Set the images aside and retype the whole listing exactly.

• [Dataset extract]
------------------------

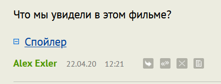 Сделали тэг "спойлер" в комментариях. В основном, пригодится для комментариев к рецензиям на фильмы, но могут быть и другие случаи, когда этот тэг будет полезным. Также под спойлер рекомендуется убирать большие простыни текста, которые вы цитируете.
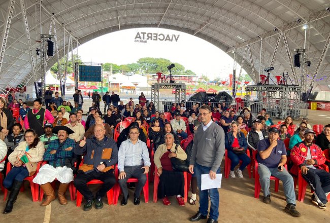 Prefeito de Santa Rosa, Anderson Mantei realizou nesta quarta-feira (04), a entrega das matrículas de 173 unidades habitacionais regularizadas. O ato aconteceu no Parque de Exposições Alfredo Leandro Carlson, no sétimo dia da Fenasoja 2022. Estavam presentes autoridades da região, a comissão organizadora da Fenasoja, o Deputado Federal Osmar Terra, secretários municipais e a comunidade.
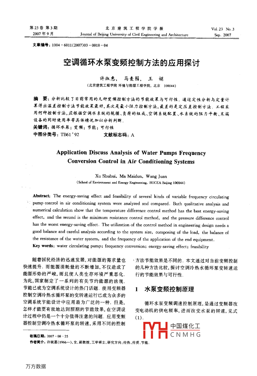 第23卷第3期北京建筑工程學(xué)院學(xué)報Vol.23 No.32007年9月Journal of Beijing University of Civil Enginecring and ArchitectureSep.2007文章編號: 1004 - 6011(2007)03 -0018-04空調(diào)循環(huán)水泵變頻控制方法的應(yīng)用探討許淑惠,馬麥囤,王娟(北京建筑工程學(xué)院環(huán)境與能源工程學(xué)院,北京10044)摘要:分析比較了目前常用的幾種變頻控制方法的節(jié)能效果與可行性.通過定性分析與定量計算得出溫差控制方法節(jié)能效罘最好,其次是最小阻力控制方法,最差的是定壓差控制方法.工程采用何種控制方法,應(yīng)根據(jù)空調(diào)水系統(tǒng)的規(guī)模、負荷的組成、空調(diào)系統(tǒng)配置、水系統(tǒng)的阻力平衡、末端設(shè)備的同時使用率等具體情況加以分析判斷.關(guān)鍵詞:循環(huán)水泵;變頻;節(jié)能;可行性中圖分類號: TB61+92文獻標志碼: AApplication Discuss Analysis of Water Pumps FrequencyConversion Control in Air Conditioning SystemsXu Shuhui, Ma Maidun, W ang Juan(School of Environment and Energy Engncering. BUCEA Beijing 10044Abstract: The energy- saving effect and feasibility of several kinds of variable frequency circulatingpump control in air conditioning system were analyzed and compared. Both qualitative analysis andnumerical calculation show that the temperature diference control method has the best energy -savingeffect, and the second is the minimum resistance control method, and the pressure difference controlhas the worst energy-saving efct. The utilization of the control method in engineering design needs agood balance and careful analysis according to the system size, composing of the load, the balance ofthe resistance of the water system, and the frequency of the appliation of the end equipment.Key words: water circulating pump; frequency conversion; energy saving effect; feasibility隨著國民經(jīng)濟的迅速發(fā)展,對能源的需求量也。 方法節(jié)能效果是不同的.本文通過對當(dāng)前變頻控制快速提升.而能源消耗量的不斷增加,不僅造成了的幾種方法比較,探討空調(diào)冷熱水循環(huán)泵變轉(zhuǎn)速運能源形勢的嚴峻,而且使人類生存環(huán)境嚴重惡化.行的節(jié)能效果與可行性.為此,國家制定了一系列的有關(guān)節(jié)約能源的法規(guī).節(jié)能已成為空調(diào)系統(tǒng)設(shè)計的熱門話題.使用變頻器1 水泵變頻控制原理控制空調(diào)冷熱水循環(huán)泵的變轉(zhuǎn)速運行e成為眾多的空調(diào)系統(tǒng)節(jié)能設(shè)計中應(yīng)用最為廣泛的一種.但是,循環(huán)水泵變頻調(diào)速控制原理,是通過變頻器改怎樣才能更有效地達到預(yù)期的節(jié)能效果,在空調(diào)設(shè)變電動機的供電頻率,進而改變水泵的轉(zhuǎn)速,見式計過程中仍是-一個十分值得注意的問題.應(yīng)用變頻(1).器控制空調(diào)冷熱水循環(huán)泵的轉(zhuǎn)速,采用不同的控制中國煤化工收稿日期: 2007 -08 - 25MYHCNMHG作者簡介:許衩惠(1966-),女,副教授,工學(xué)碩士.研究方向:傳熱、傳質(zhì)、節(jié)能.第3期許淑惠等:空調(diào)循環(huán)水泵變額控制方法的應(yīng)用探討1處于全開狀態(tài)的控制方法.n=60f(1)(4)溫差控制.控制供、回水干管水溫差保持式中, n為轉(zhuǎn)子轉(zhuǎn)速, r/ min;60為換算系數(shù), s/ min; .恒定的控制方法,稱為溫差控制[3].當(dāng)負荷下降時,f為電源頻率, Hz;s為定子與轉(zhuǎn)子之間的轉(zhuǎn)差率;如流量保持不變,則回水溫度下降,溫差相應(yīng)變小,m為電動機繞組的極對數(shù).由式(1)可見,轉(zhuǎn)數(shù)與要保持溫差不變,可通過控制溫差控制器、變頻器來頻率成正比,改變頻率就可以實現(xiàn)水泵調(diào)速.降低水泵轉(zhuǎn)速,臧少水流量,此時水泵能耗以轉(zhuǎn)速三根據(jù)水泵的相似定律,兩種流體應(yīng)滿足幾何相次方的關(guān)系遞減.似、動力相似和運動相似,則水泵的轉(zhuǎn)速、流量揚程和功率之間存在以下關(guān)系[":3控制方法的節(jié)能效果比較Q= n(2)圖1是不同控制方式下水泵運行工況示意圖.是=(衛(wèi)”(3)采用 不同的控制方式,所對應(yīng)的管路特性曲線各不相同采用定揚程控制,曲線A為水力特性曲線,N=(衛(wèi)(4)水泵工作點揚程始終為H.采用定末端壓差控制,式(2)-(4)中,n為水泵轉(zhuǎn)速, r/min;Q為水泵流曲線B為水力特性曲線,H是末端環(huán)路要求保持量,m/h;H為水泵揚程, m;N為水泵功率,kW.的壓差, Q=0時,△H= H.采用最小阻力控制, .曲線C為水力特性曲線,Q=0時,0H=H2.采用把(2)式代入(4)式得到溫差控制,曲線D是的水力特性曲線,此曲線即為是=器!”(5)空調(diào)水系統(tǒng)原有的管路特性曲線, Q=0時,管路系式(5)表明,水泵所耗功率與流量的三次方成正比.統(tǒng)阻力△H=0.水泵變頻控制節(jié)能分析以此為理論依據(jù),但在實際H應(yīng)用中,式(5)只在極少情況下成立(21.2控制方法當(dāng)前應(yīng)用較多的空調(diào)冷熱水循環(huán)泵變轉(zhuǎn)速調(diào)節(jié)方法有定壓差控制、定末端壓差控制、最小阻力控制和溫差控制.(1)定壓差控制.控制供、回水干管壓差保持圖1幾種控制方 法的比較恒定的控制方法稱為定壓差控制.供、回水干管壓采用單一調(diào)節(jié)閥控制時,比較前述4種控制方差不變時水泵提供的揚程保持恒定,故定壓差控制法的節(jié)能效果.當(dāng)流量從Qo減小到Qi時,定揚程又稱為定揚程控制.此控制方法做法是:根據(jù)冷熱控制的工作點從a.定揚程移到b.定末端壓差控制水循環(h

------------------------

• [Response for this exercise]
 Сделали тэг "спойлер" в комментариях. В основном, пригодится для комментариев к рецензиям на фильмы, но могут быть и другие случаи, когда этот тэг будет полезным. Также под спойлер рекомендуется убирать большие простыни текста, которые вы цитируете.
 Prefeito de Santa Rosa, Anderson Mantei realizou nesta quarta-feira (04), a entrega das matrículas de 173 unidades habitacionais regularizadas. O ato aconteceu no Parque de Exposições Alfredo Leandro Carlson, no sétimo dia da Fenasoja 2022. Estavam presentes autoridades da região, a comissão organizadora da Fenasoja, o Deputado Federal Osmar Terra, secretários municipais e a comunidade.
 第23卷第3期北京建筑工程學(xué)院學(xué)報Vol.23 No.32007年9月Journal of Beijing University of Civil Enginecring and ArchitectureSep.2007文章編號: 1004 - 6011(2007)03 -0018-04空調(diào)循環(huán)水泵變頻控制方法的應(yīng)用探討許淑惠,馬麥囤,王娟(北京建筑工程學(xué)院環(huán)境與能源工程學(xué)院,北京10044)摘要:分析比較了目前常用的幾種變頻控制方法的節(jié)能效果與可行性.通過定性分析與定量計算得出溫差控制方法節(jié)能效罘最好,其次是最小阻力控制方法,最差的是定壓差控制方法.工程采用何種控制方法,應(yīng)根據(jù)空調(diào)水系統(tǒng)的規(guī)模、負荷的組成、空調(diào)系統(tǒng)配置、水系統(tǒng)的阻力平衡、末端設(shè)備的同時使用率等具體情況加以分析判斷.關(guān)鍵詞:循環(huán)水泵;變頻;節(jié)能;可行性中圖分類號: TB61+92文獻標志碼: AApplication Discuss Analysis of Water Pumps FrequencyConversion Control in Air Conditioning SystemsXu Shuhui, Ma Maidun, W ang Juan(School of Environment and Energy Engncering. BUCEA Beijing 10044Abstract: The energy- saving effect and feasibility of several kinds of variable frequency circulatingpump control in air conditioning system were analyzed and compared. Both qualitative analysis andnumerical calculation show that the temperature diference control method has the best energy -savingeffect, and the second is the minimum resistance control method, and the pressure difference controlhas the worst energy-saving efct. The utilization of the control method in engineering design needs agood balance and careful analysis according to the system size, composing of the load, the balance ofthe resistance of the water system, and the frequency of the appliation of the end equipment.Key words: water circulating pump; frequency conversion; energy saving effect; feasibility隨著國民經(jīng)濟的迅速發(fā)展,對能源的需求量也。 方法節(jié)能效果是不同的.本文通過對當(dāng)前變頻控制快速提升.而能源消耗量的不斷增加,不僅造成了的幾種方法比較,探討空調(diào)冷熱水循環(huán)泵變轉(zhuǎn)速運能源形勢的嚴峻,而且使人類生存環(huán)境嚴重惡化.行的節(jié)能效果與可行性.為此,國家制定了一系列的有關(guān)節(jié)約能源的法規(guī).節(jié)能已成為空調(diào)系統(tǒng)設(shè)計的熱門話題.使用變頻器1 水泵變頻控制原理控制空調(diào)冷熱水循環(huán)泵的變轉(zhuǎn)速運行e成為眾多的空調(diào)系統(tǒng)節(jié)能設(shè)計中應(yīng)用最為廣泛的一種.但是,循環(huán)水泵變頻調(diào)速控制原理,是通過變頻器改怎樣才能更有效地達到預(yù)期的節(jié)能效果,在空調(diào)設(shè)變電動機的供電頻率,進而改變水泵的轉(zhuǎn)速,見式計過程中仍是-一個十分值得注意的問題.應(yīng)用變頻(1).器控制空調(diào)冷熱水循環(huán)泵的轉(zhuǎn)速,采用不同的控制中國煤化工收稿日期: 2007 -08 - 25MYHCNMHG作者簡介:許衩惠(1966-),女,副教授,工學(xué)碩士.研究方向:傳熱、傳質(zhì)、節(jié)能.第3期許淑惠等:空調(diào)循環(huán)水泵變額控制方法的應(yīng)用探討1處于全開狀態(tài)的控制方法.n=60f(1)(4)溫差控制.控制供、回水干管水溫差保持式中, n為轉(zhuǎn)子轉(zhuǎn)速, r/ min;60為換算系數(shù), s/ min; .恒定的控制方法,稱為溫差控制[3].當(dāng)負荷下降時,f為電源頻率, Hz;s為定子與轉(zhuǎn)子之間的轉(zhuǎn)差率;如流量保持不變,則回水溫度下降,溫差相應(yīng)變小,m為電動機繞組的極對數(shù).由式(1)可見,轉(zhuǎn)數(shù)與要保持溫差不變,可通過控制溫差控制器、變頻器來頻率成正比,改變頻率就可以實現(xiàn)水泵調(diào)速.降低水泵轉(zhuǎn)速,臧少水流量,此時水泵能耗以轉(zhuǎn)速三根據(jù)水泵的相似定律,兩種流體應(yīng)滿足幾何相次方的關(guān)系遞減.似、動力相似和運動相似,則水泵的轉(zhuǎn)速、流量揚程和功率之間存在以下關(guān)系[":3控制方法的節(jié)能效果比較Q= n(2)圖1是不同控制方式下水泵運行工況示意圖.是=(衛(wèi)”(3)采用 不同的控制方式,所對應(yīng)的管路特性曲線各不相同采用定揚程控制,曲線A為水力特性曲線,N=(衛(wèi)(4)水泵工作點揚程始終為H.采用定末端壓差控制,式(2)-(4)中,n為水泵轉(zhuǎn)速, r/min;Q為水泵流曲線B為水力特性曲線,H是末端環(huán)路要求保持量,m/h;H為水泵揚程, m;N為水泵功率,kW.的壓差, Q=0時,△H= H.采用最小阻力控制, .曲線C為水力特性曲線,Q=0時,0H=H2.采用把(2)式代入(4)式得到溫差控制,曲線D是的水力特性曲線,此曲線即為是=器!”(5)空調(diào)水系統(tǒng)原有的管路特性曲線, Q=0時,管路系式(5)表明,水泵所耗功率與流量的三次方成正比.統(tǒng)阻力△H=0.水泵變頻控制節(jié)能分析以此為理論依據(jù),但在實際H應(yīng)用中,式(5)只在極少情況下成立(21.2控制方法當(dāng)前應(yīng)用較多的空調(diào)冷熱水循環(huán)泵變轉(zhuǎn)速調(diào)節(jié)方法有定壓差控制、定末端壓差控制、最小阻力控制和溫差控制.(1)定壓差控制.控制供、回水干管壓差保持圖1幾種控制方 法的比較恒定的控制方法稱為定壓差控制.供、回水干管壓采用單一調(diào)節(jié)閥控制時,比較前述4種控制方差不變時水泵提供的揚程保持恒定,故定壓差控制法的節(jié)能效果.當(dāng)流量從Qo減小到Qi時,定揚程又稱為定揚程控制.此控制方法做法是:根據(jù)冷熱控制的工作點從a.定揚程移到b.定末端壓差控制水循環(h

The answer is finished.